The large fall in bond prices and a rally in stocks in the first three months of the year have thrown many investors’ typical portfolio mix of 60 per cent equities and 40 per cent bonds out of whack.
To get back in line around the end of the financial quarter, pension funds, insurers and other large investment groups will need to load up on bonds. That could tap the brakes on a market shift that has defined the opening months of 2021.
“It should be happening as we speak,” said Nikolaos Panigirtzoglou, cross-asset research analyst at JPMorgan. The rebalancing could already help to explain the stronger bond market performance so far this week, as the transfers are typically concentrated in the last two weeks of the quarter, he added.
Global bonds have slumped of late, led by a fall in prices in the US Treasury market, which has sent yields on 10-year notes up 0.7 percentage points to around 1.6 per cent. Meanwhile, the MSCI index of developed market equities has risen 3.7 per cent over that period.
The divergence has fuelled expectations that the coming reshuffle will be sizeable. “Given the rally in equities and sharp bond sell-off, quarter-end rebalancing could be large, out of equities into fixed income,” said Sphia Salim, European rates strategist at Bank of America.
BofA estimates US private pensions alone will need to pull around $88bn out of equities and plough it into bonds, which analysts said was “historically significant” compared to the past three years.
Balanced mutual funds are expected to sell $136bn of equities to buy fixed income, according to JPMorgan estimates. Among stores of sovereign wealth, the bank expects Japan’s $1.6tn state pension fund GPIF will shift $44bn while Norway’s giant oil fund would need to move around $70bn to meet its target allocation.
Panigirtzoglou said that, in isolation, rebalancing around the end of March could prompt a fall of 4 to 5 per cent in equities and a rally in fixed income of roughly 0.1-0.15 percentage points on the US 10-year Treasury yield. “But these flows are not going to be the only game in town,” he said.

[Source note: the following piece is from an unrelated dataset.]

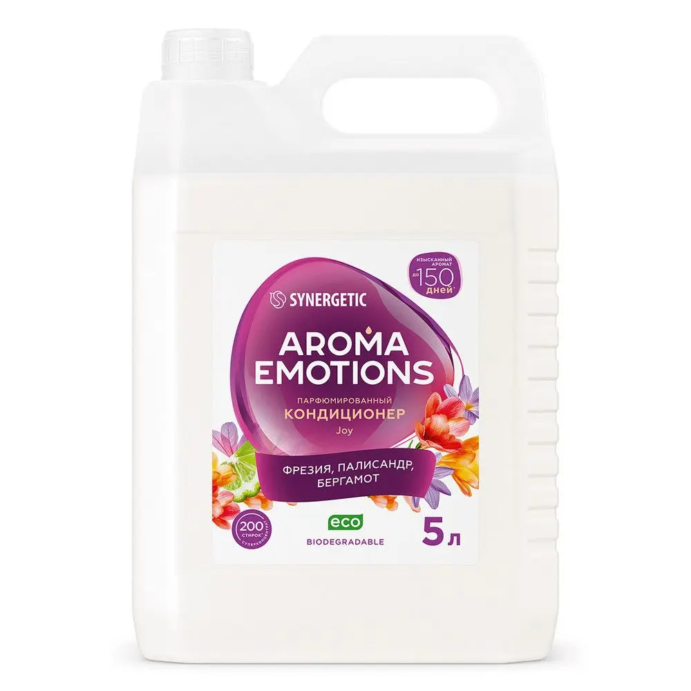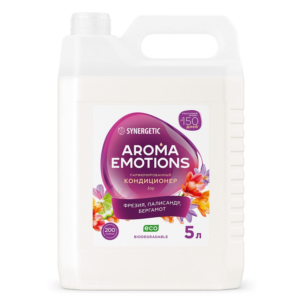 Биоразлагаемый кондиционер для белья SYNERGETIC "EMOTIONS" Joy / Радость – это не просто средство для ухода за тканью, это путешествие в мир ароматов, возможность выразить свою индивидуальность и добавить немного роскоши в повседневную жизнь. Кондиционер бережно ухаживает за всеми типами ткани, придаёт мягкость белью после стирки, обеспечивает лёгкую глажку. Обладает антистатическим эффектом. Суперконцентрированная формула обеспечивает экономичный расход средства. Биоэнзим целлюлаза препятствует появлению катышков и ворсинок, сохраняет первоначальный внешний вид и цвет ткани даже после многократных стирок, не разрушая её структуру. Растительный биолипид в составе кондиционера снижает риск возникновения раздражения кожи и способствует восстановлению её липидного слоя. Парфюмерная композиция Joy открывается освежающими нотами сочного бергамота, которые плавно переходят в нежные аккорды фрезии с лёгкими фруктовыми нюансами. В сердце аромата — ноты зелёного чая, которые дарят травянистую прохладу и ощущение чистоты. Палисандр добавляет тёплые древесные оттенки, а жасмин привносит элегантную цветочную сладость, создавая гармоничное сочетание свежести и утончённости. Завершают композицию мягкие мускусно-амбровые оттенки. Аромат представляет собой баланс между свежестью и теплотой, гармонией и элегантностью. Удивительно бодрящий и радостный аромат со свежими фруктовыми оттенками завораживает и улучшает настроение, оставляя на ткани приятный шлейф до 150 дней при хранении белья благодаря инкапсулированной парфюмерной композиции. Кондиционер подходит для стирки всех типов тканей в стиральных машинах любого вида и для ручной стирки, для бытового и профессионального использования на предприятиях торговли, общественного питания, в гостиницах и в жилищно-коммунальном хозяйстве, в детских дошкольных и школьных учреждениях, а также учреждениях здравоохранения. Биоразлагаемые компоненты не вредят микрофлоре септических установок при использовании средства в соответствии со способом применения.

BNP Paribas earlier in March cautioned against expecting a big market correction because of the rebalancing flows. The bank estimated a 1.2 per cent fall in US equities in the last week of the quarter based on $50-67bn of selling.
“Month and quarter-end rebalances do affect markets. However, that impact appears to be more significant when equities have underperformed rather than outperformed bonds,” BNP analysts said.
US retail investors are expected to put a large chunk of their stimulus funds into the stock market. These cheques have already started to land and more are on their way. The inflow could amount to $170bn over time, Deutsche Bank said in a report last month. The influx of cash from small traders will counterbalance moves out of stocks by large managers.
The balanced portfolio has been a mainstay of investment strategy for decades. Conventional wisdom has favoured putting 60 per cent of assets into riskier but higher growth equities with a counterbalance of 40 per cent in safer bonds. Balanced mutual funds manage close to $7.5tn globally, according to JPMorgan. Many other large investors such as pension funds and insurance companies seek a similar allocation.
These managers need to shift assets periodically to keep their preferred balance, typically around the end of the month or the quarter. Large market moves throughout 2020 led to hefty rebalancing each quarter.
Fund managers tend to be tight-lipped about the timing of their rebalancing to avoid being front run by other traders. Panigirtzoglou said he does not think the full effect of this month’s moves has yet shown up in prices.
Analysts expect the majority of the cash flowing into bonds will go to corporate debt, but with a large minority entering government debt markets.